Setelah beberapa saat akhirnya aku duduk bersebelahan dengan Kinar.

" Gue salah ya Nar?" tanyaku parau.

" Gimana ya Stey, lo nggak salah sih sebenernya. Soalnya gue tahu lo udah lama suka sama Cio"

" Tapi, gue juga nggak bisa benerin apa yang lo lakuin ke Esa" ucap Kinar membuatku benar-benar tertohok.

Aku menghela napasku, ya kalau masalah Esa, aku sadar aku salah.

" Iya Nar, gue ngerasa bersalah banget"

" Jujur gue lebih suka lo sama Esa. Dia baik banget tau" ucap Kinar sedih.

" Gue tau, tapi gue bakal lebih jahat kalo nerima dia. Sedangkan pikiran gue masih ke cowok lain" jelasku.

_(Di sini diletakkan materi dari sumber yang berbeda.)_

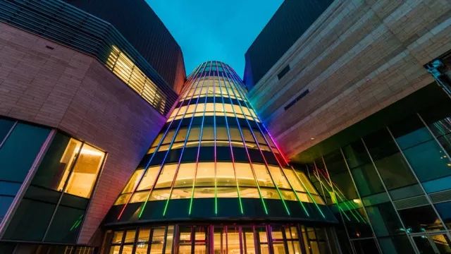 位于东南广场入口的充满设计感的锥形入口阶梯式玻璃幕墙,层层退台,宛若一个“彩虹冰淇淋甜筒”。
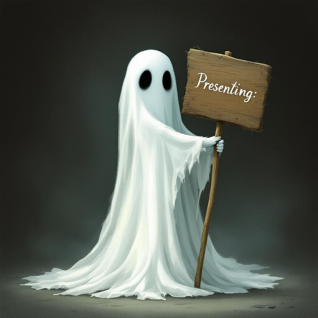 This image shows a cute ghost in a white gown holding a sign. The artwork features a dark, mystical background and muted colors, creating a spooky yet soft aesthetic.
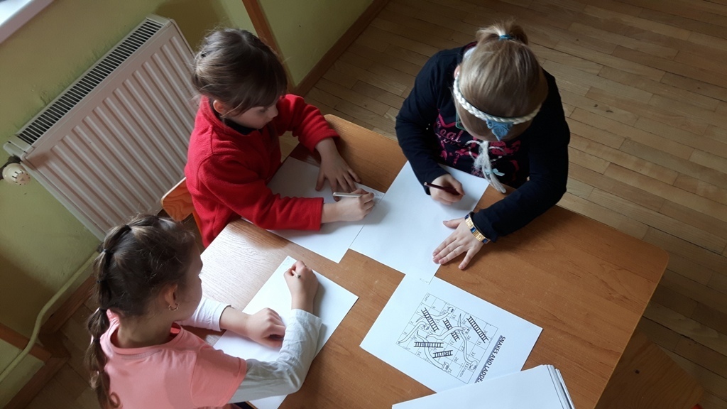 Poniedziałkowy dzień gier planszowych w grupie Zuchów okazał się dużym wyzwaniem dla wszystkich. Zadaniem dzieci było własnoręczne przygotowanie planszy do gry: "Drabiny i węże". Rysowanie planszy według podanego wzoru. Ponumerowanie w odpowiedni sposób pól. Na koniec naniesienie na to wszystko węży i drobin. Niektórzy po kilka razy wykonywali plansze, aby były jak najbliższe ideału. Wielu się udało stworzyć niemal idealne plansze. Inni będą nadal ciężko pracować, aby być zadowolonym z własnej pracy. Idąc za przysłowiem : Pierwsze koty za płoty". Kolejne gry będą na pewno dokładniejsze.
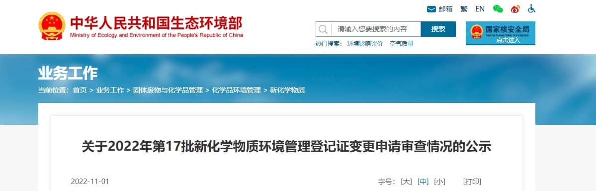 關于2022年第17批新化學物質環境管理登記證變更申請審查情況的公示
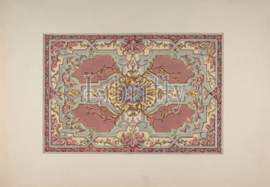 Design, Painted Ceiling, Strapwork, Foliage, Rose Background, second half 19th century, Pen, black ink, watercolor, gouache, 7 3/4 x 11 5/8, 19.7 29.5 cm, Drawings, Jules-Edmond-Charles Lachaise, French, died, 1897, Eugène-Pierre Gourdet, born Paris, 1820
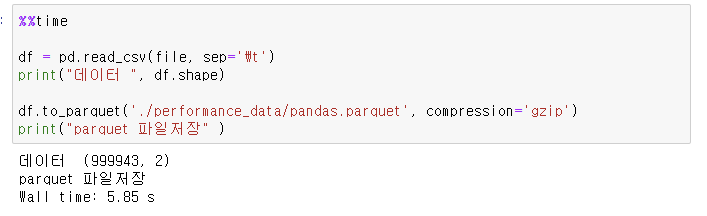 오 pandas로 읽어서 parquet로 저장하는것보다 훨씬 빠르긴하다!!
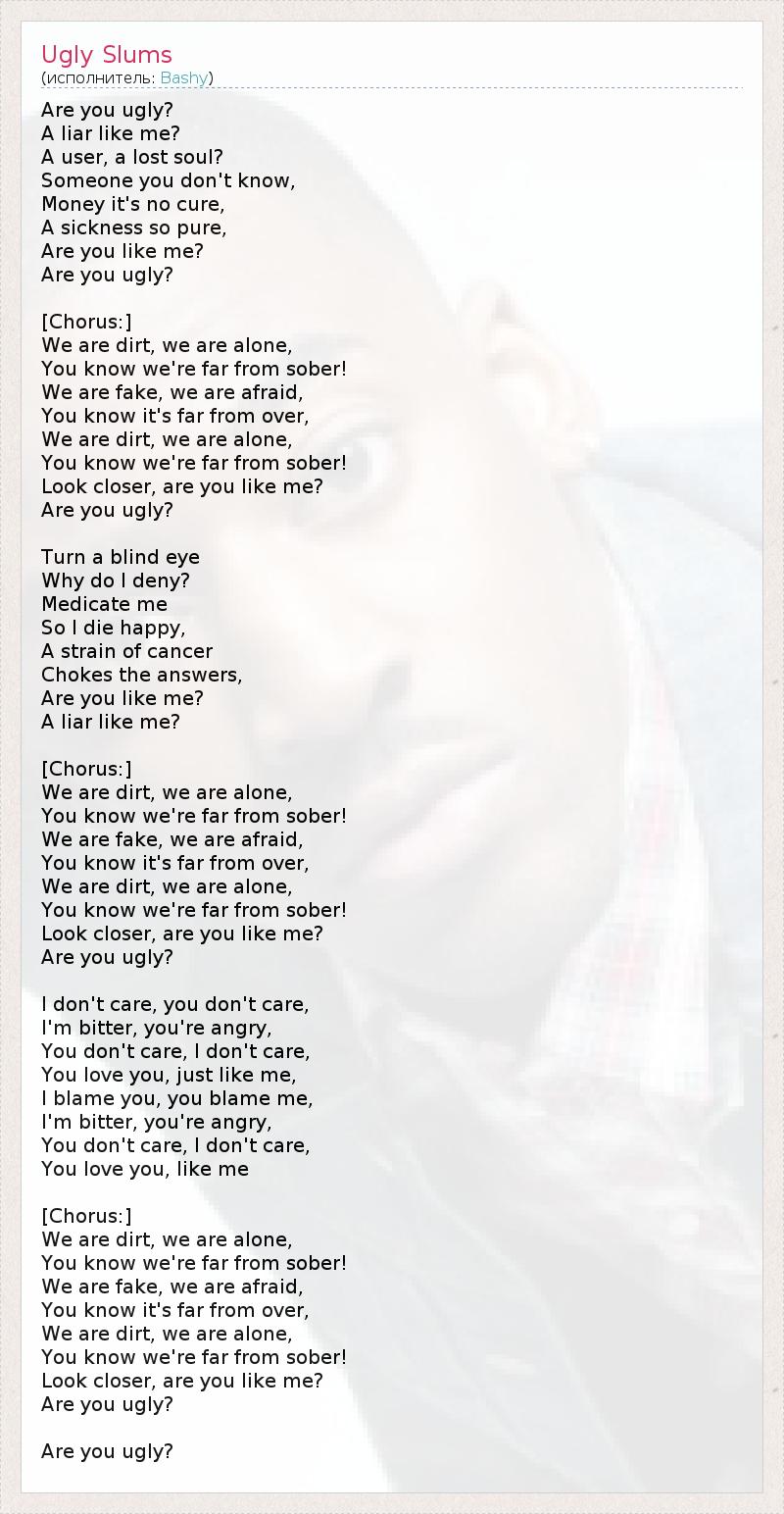 Ты уродлив? Лжец, как я? Наркоман, потерянная душа? Кто–то, кого ты не знаешь, Деньги – это не лекарство, Болезнь настолько чиста, Ты такой же, как я? Ты уродлив? [Припев:] Мы – отбросы, одиноки, Ты знаешь, мы далеко не трезвые! Мы – подделки, мы напуганы, Ты знаешь, до конца очень далеко, Мы – отбросы, одиноки, Ты знаешь, мы далеко не трезвые! Вглядись поближе, ты такой же, как я? Ты уродлив? Не обращай внимания, Почему я отрицаю? Напичкай меня лекарствами, Так я хоть умру счастливым, Рак Душит ответы, Ты такой же, как я? Лжец, как я? [Припев:] Мы – отбросы, одиноки, Ты знаешь, мы далеко не трезвые! Мы – подделки, мы напуганы, Ты знаешь, до конца очень далеко, Мы – отбросы, одиноки, Ты знаешь, мы далеко не трезвые! Вглядись поближе, ты такой же, как я? Ты уродлив? Мне плевать, тебе плевать, Я жестокий, ты злой, Тебе плевать, мне плевать, Ты любишь себя, прямо как я, Я виню тебя, ты винишь меня, Я жестокий, ты злой, Тебе плевать, мне плевать, Ты любишь себя, как я [Припев:] Мы – отбросы, одиноки, Ты знаешь, мы далеко не трезвые! Мы – подделки, мы напуганы, Ты знаешь, до конца очень далеко, Мы – отбросы, одиноки, Ты знаешь, мы далеко не трезвые! Вглядись поближе, ты такой же, как я? Ты уродлив? Ты уродлив?
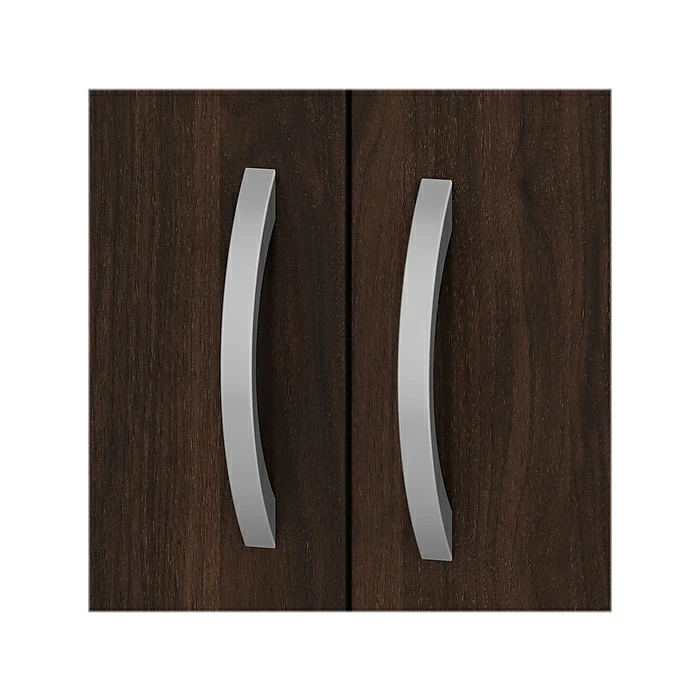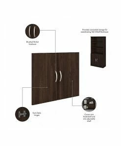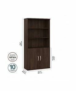 The Bush Business Furniture Hybrid tall five-shelf bookcase with doors offers a stylish, long-lasting storage and display solution for the modern professional. Organize books and other reference materials, or give your workspace a personal touch with pictures and decorations on shelves that support up to 50 lbs. each. Two shelves are fixed for stability, while three can be raised or lowered to accommodate items of various sizes. Cabinet doors conceal the two lower shelves for the materials you want to be kept in order but out of sight. The tall bookshelf’s stable design and included wall attachment hardware make it a safe choice for use in virtually any home or professional office environment. Find the perfect look for your space with five contemporary finish options: black walnut, modern hickory, platinum gray, storm gray, and white. This tall bookcase cabinet has been meticulously tested to meet or exceed ANSI/BIFMA quality standards for safety, durability, and performance and is backed by the Bush Business Furniture 10-year manufacturer warranty. See the full Bush Business Furniture Hybrid collection for coordinating items to enhance your workspace as needed, including computer desks, file cabinets, and storage cabinets (coordinating items sold separately). American-made with US and imported parts.

Kinar menatapku dan mengangguk.

" Gue nggak ada maksud bikin lo tambah ngerasa bersalah. Tapi ketika lo ngilang kemarin, Esa nyari lo kemana-mana"

" Bukannya Esa ke rumah gue Nar?"

" Iya, dia emang ke rumah lo. Tapi, pas liat rumah lo kosong dan hp lo nggak aktif. Dia keliling nyari lo, dia jadi juga sempet nelfon gue"

" Segitunya?"

" Iya, dia khawatir banget. Katanya dia udah ke rumah Skala. Tapi cuma ada kakak iparnya, katanya Skala lagi nginep di kos dan hpnya juga nggak aktif"

" Dan lo tau? Bahkan ketika lo angkat telfon Esa tadi malam. Dia lagi di rumah Meda karena kehujanan"

Bahkan Esa kehujanan lagi? Berarti dia tidak memanggil supir Mamanya, begitu?

" Jadi Meda tau?"

" Ya menurut lo aja, Fana tau lo nolak Esa dan jadian sama Cio dari mana"

Aku menunduk penuh penyesalan.

" Kata Meda, Esa jadi linglung gitu. Tapi dia masih senyum dan bilang baik-baik aja"

" Kok gue ngerasa jahat banget ya Nar?"

" Ya gimana lagi, nasi udah jadi bubur. Semoga aja Esa cepet move on dari lo" ucap Kinar yang entah mengapa terasa berat untuk aku Amini.